BET’s six-hour miniseries Madiba that premieres next month tells the story of Nelson Mandela, played by Laurence Fishburne, and other leaders of the African National Congress who fought alongside him in the multi-racial, multi-national movement that led to the end of South African apartheid and made Mandela a global icon.

On the decision to break up the series into three two-hour parts, executive producer Lance Samuels said today at TCA that the story of Mandela is so complex and huge, the length gave filmmakers a chance to “explore who Nelson Mandela was” as well as “the many people who surrounded him and made him them great man that he was.”

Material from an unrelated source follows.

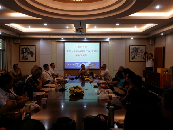 2015年9月12日上午,怀着对母校深厚的感情,对老师无尽的感恩,九中65届高三(四)班校友来到母校欢聚一堂。这次聚会对他们意义深远,既是热烈庆祝母校90周年校庆,还是庆祝毕业50周年,也是庆祝他们自己70岁生日。老照片里,一张张脸庞绽放着意气风发,他们的记忆储存着青春勃发.这里有他们最难忘的学习生涯,这里有他们最珍贵的师生情谊。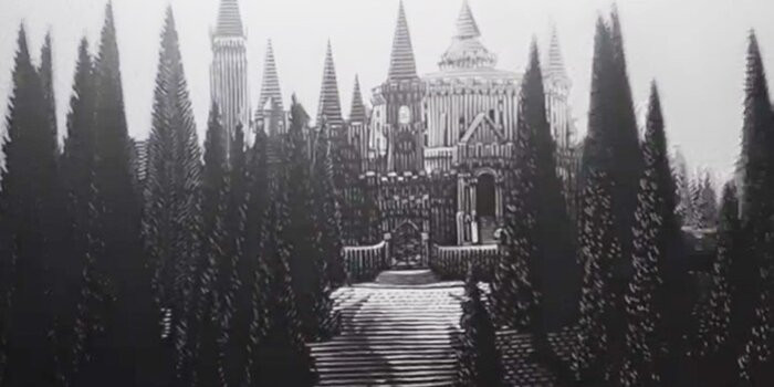 Description : Les élèves d'Ilvermorny étudient dans un château de granite qui n'était à l'origine qu'une modeste maison de pierre. Deux statues de marbre représentant Isolt Sayre et James Steward sont présentes de part et d'autre de la grande porte du château.[2] L'école est entourée par un mur de pierre agrémenté de petites tours. L'accès au domaine se fait par un portail sur lequel est gravé les armoiries de l'école ainsi qu'un noeud gordien représentant la broche d'Isolt. Derrière les grandes portes se trouve un hall circulaire surmonté d'une coupole en verre en guise de plafond. À l'étage de cette pièce se trouve un balcon en bois qui court tout le long des murs. En bas, le hall d'entrée n'est agrémenté que de quatre statues représentant un Serpent cornu, un Womatou, un Oiseau-Tonnerre et un Puckwoodgenie qui permettent aux nouveaux arrivants d'être répartis dans les différentes maisons de l'école. En dehors des murs de l'école, à l'endroit où a été enterrée la baguette de Salazar Serpentard, se trouve une variété inconnue d'amourette dont les feuilles ont de puissantes propriétés curatives.

Added executive producer/director Kevin Hooks: “The six hours really gave us an opportunity to explore what the movement was about. Obviously Nelson was at the center. I really saw it and approached it as a three-part love story, that Nelson was the love of his nation.” He added, “People will really get to know the sort of love affair in the relationship that Nelson had with the people around him…that was something we looked at as an opportunity to expand upon and tell the story of some of the lesser-known people.”

Fishburne spent two weeks in South Africa meeting people who worked closely with Mandela, in preparation for the role. “Shooting where all this history happen…you could feel the energy of what transpired in the country.”

BET is set to debut the series February 1 timed to the beginning of Black History Month.